EXERCISE DESCRIPTION:
Only the lines below from the one containing "Thanks to THF" through the one containing "Figure 6 (A–C)" belong in the answer, set down exactly, with the pictures left out.

----- DATA EXTRACT -----

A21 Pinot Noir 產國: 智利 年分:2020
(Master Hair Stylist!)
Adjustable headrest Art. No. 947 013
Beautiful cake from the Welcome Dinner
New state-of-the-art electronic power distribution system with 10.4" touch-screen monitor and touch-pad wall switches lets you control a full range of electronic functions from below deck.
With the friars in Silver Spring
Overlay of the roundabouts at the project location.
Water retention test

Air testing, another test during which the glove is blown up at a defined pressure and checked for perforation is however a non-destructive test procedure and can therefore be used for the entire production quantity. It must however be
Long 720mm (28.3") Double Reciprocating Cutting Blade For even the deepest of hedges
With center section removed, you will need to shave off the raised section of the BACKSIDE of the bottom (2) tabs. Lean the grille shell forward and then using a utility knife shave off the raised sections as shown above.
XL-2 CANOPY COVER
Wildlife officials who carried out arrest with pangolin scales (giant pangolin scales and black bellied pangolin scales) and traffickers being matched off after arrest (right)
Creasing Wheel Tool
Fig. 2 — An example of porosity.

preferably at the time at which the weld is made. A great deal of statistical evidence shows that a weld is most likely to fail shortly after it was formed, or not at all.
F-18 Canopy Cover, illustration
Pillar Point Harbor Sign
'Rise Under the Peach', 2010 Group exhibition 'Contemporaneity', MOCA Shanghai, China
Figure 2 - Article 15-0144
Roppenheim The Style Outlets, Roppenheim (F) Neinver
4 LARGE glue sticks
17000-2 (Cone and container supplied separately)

-----
----- DATA EXTRACT -----

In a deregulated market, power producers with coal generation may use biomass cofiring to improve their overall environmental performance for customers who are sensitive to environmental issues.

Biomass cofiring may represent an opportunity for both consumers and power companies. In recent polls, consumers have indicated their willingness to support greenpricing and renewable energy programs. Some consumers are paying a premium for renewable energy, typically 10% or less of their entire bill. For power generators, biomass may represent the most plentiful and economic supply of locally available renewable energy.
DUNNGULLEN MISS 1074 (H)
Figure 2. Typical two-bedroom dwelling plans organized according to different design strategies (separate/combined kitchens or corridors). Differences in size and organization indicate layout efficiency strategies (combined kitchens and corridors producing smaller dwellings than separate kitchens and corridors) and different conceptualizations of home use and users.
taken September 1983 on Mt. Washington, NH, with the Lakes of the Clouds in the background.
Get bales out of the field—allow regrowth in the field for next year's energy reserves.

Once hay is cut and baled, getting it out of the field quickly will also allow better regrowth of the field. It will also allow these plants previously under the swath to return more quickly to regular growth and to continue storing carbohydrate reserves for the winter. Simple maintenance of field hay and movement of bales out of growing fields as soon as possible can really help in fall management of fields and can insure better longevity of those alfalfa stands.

-----
----- DATA EXTRACT -----

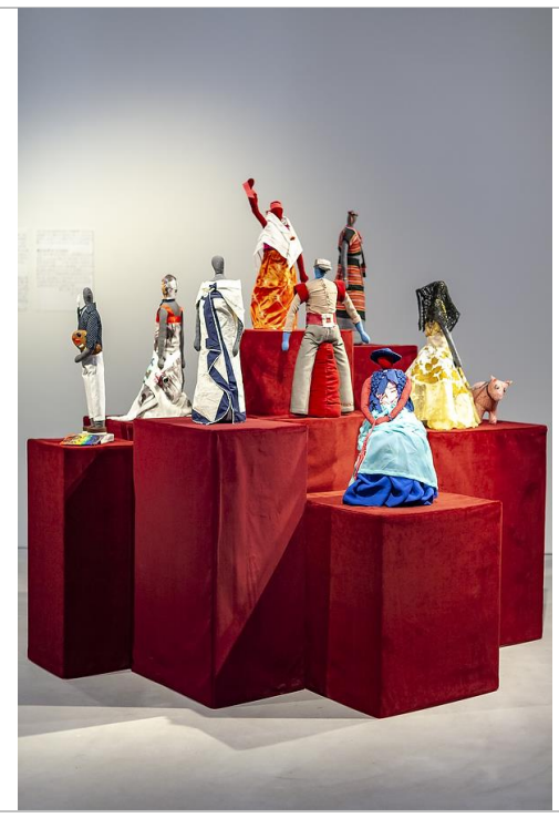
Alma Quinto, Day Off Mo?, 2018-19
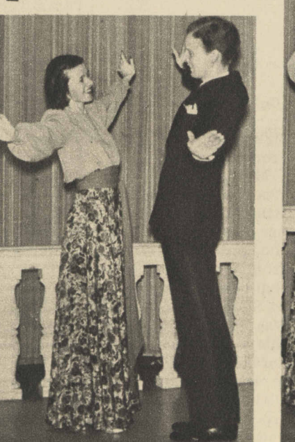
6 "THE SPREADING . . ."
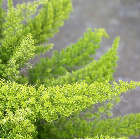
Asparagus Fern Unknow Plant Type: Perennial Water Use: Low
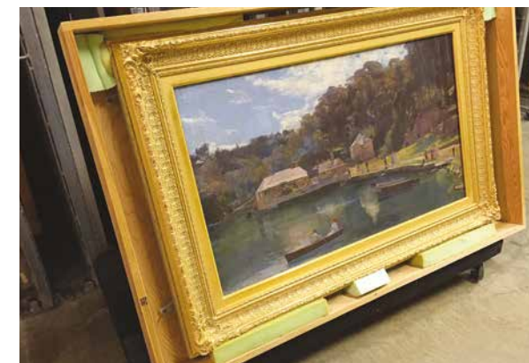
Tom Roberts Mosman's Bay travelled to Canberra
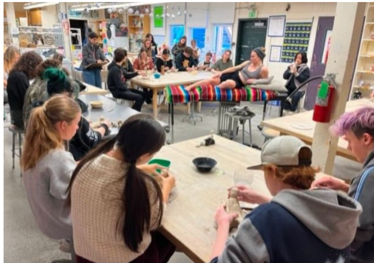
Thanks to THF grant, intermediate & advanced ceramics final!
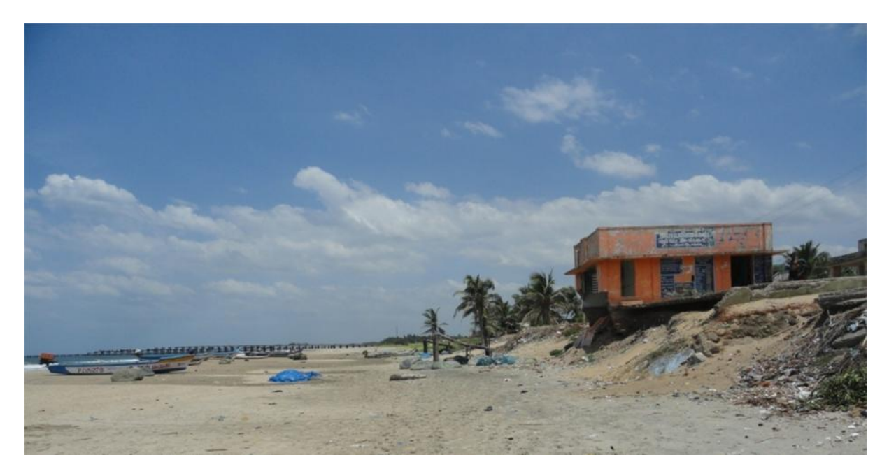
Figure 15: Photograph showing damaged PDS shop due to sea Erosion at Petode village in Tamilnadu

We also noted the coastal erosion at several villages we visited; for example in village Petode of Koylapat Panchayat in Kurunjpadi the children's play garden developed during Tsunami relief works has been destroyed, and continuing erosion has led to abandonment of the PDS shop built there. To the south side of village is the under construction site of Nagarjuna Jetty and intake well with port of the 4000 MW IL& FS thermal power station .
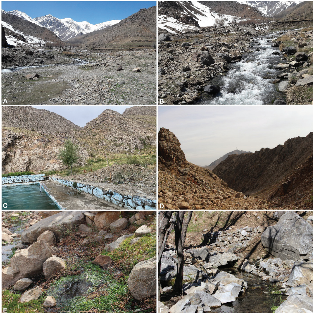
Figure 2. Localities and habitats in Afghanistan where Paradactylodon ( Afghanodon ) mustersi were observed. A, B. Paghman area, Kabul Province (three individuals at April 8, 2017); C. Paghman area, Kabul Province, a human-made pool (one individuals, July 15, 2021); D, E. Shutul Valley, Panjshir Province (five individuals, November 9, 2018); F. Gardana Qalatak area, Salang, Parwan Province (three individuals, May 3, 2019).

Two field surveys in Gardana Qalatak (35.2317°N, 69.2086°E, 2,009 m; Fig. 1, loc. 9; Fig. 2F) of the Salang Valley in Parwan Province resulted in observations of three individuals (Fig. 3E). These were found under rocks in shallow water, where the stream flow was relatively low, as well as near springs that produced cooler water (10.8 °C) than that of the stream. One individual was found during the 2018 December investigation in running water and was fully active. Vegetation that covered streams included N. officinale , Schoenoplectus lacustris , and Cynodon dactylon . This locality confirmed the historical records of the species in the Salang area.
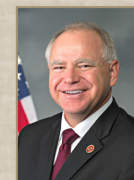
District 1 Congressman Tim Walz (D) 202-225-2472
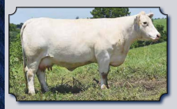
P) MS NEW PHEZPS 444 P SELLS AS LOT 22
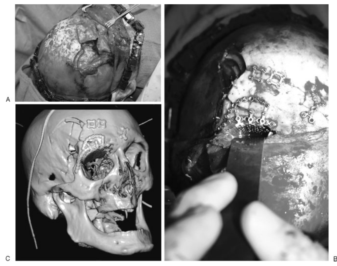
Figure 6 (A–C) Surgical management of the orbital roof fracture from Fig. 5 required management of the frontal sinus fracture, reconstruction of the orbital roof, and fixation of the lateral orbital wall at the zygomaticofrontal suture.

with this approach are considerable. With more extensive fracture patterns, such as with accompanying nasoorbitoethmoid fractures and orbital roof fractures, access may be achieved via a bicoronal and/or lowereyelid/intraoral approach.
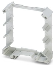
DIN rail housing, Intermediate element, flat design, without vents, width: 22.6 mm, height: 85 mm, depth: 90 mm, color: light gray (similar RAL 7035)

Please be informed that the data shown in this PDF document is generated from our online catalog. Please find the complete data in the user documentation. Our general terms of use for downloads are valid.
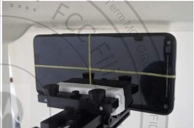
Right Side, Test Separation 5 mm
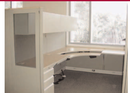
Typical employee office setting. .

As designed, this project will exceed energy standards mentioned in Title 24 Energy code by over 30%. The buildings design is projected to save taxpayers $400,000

-----

SOLVED EXERCISE:
Thanks to THF grant, intermediate & advanced ceramics final!
Figure 15: Photograph showing damaged PDS shop due to sea Erosion at Petode village in Tamilnadu

We also noted the coastal erosion at several villages we visited; for example in village Petode of Koylapat Panchayat in Kurunjpadi the children's play garden developed during Tsunami relief works has been destroyed, and continuing erosion has led to abandonment of the PDS shop built there. To the south side of village is the under construction site of Nagarjuna Jetty and intake well with port of the 4000 MW IL& FS thermal power station .
Figure 2. Localities and habitats in Afghanistan where Paradactylodon ( Afghanodon ) mustersi were observed. A, B. Paghman area, Kabul Province (three individuals at April 8, 2017); C. Paghman area, Kabul Province, a human-made pool (one individuals, July 15, 2021); D, E. Shutul Valley, Panjshir Province (five individuals, November 9, 2018); F. Gardana Qalatak area, Salang, Parwan Province (three individuals, May 3, 2019).

Two field surveys in Gardana Qalatak (35.2317°N, 69.2086°E, 2,009 m; Fig. 1, loc. 9; Fig. 2F) of the Salang Valley in Parwan Province resulted in observations of three individuals (Fig. 3E). These were found under rocks in shallow water, where the stream flow was relatively low, as well as near springs that produced cooler water (10.8 °C) than that of the stream. One individual was found during the 2018 December investigation in running water and was fully active. Vegetation that covered streams included N. officinale , Schoenoplectus lacustris , and Cynodon dactylon . This locality confirmed the historical records of the species in the Salang area.
District 1 Congressman Tim Walz (D) 202-225-2472
P) MS NEW PHEZPS 444 P SELLS AS LOT 22
Figure 6 (A–C) Surgical management of the orbital roof fracture from Fig. 5 required management of the frontal sinus fracture, reconstruction of the orbital roof, and fixation of the lateral orbital wall at the zygomaticofrontal suture.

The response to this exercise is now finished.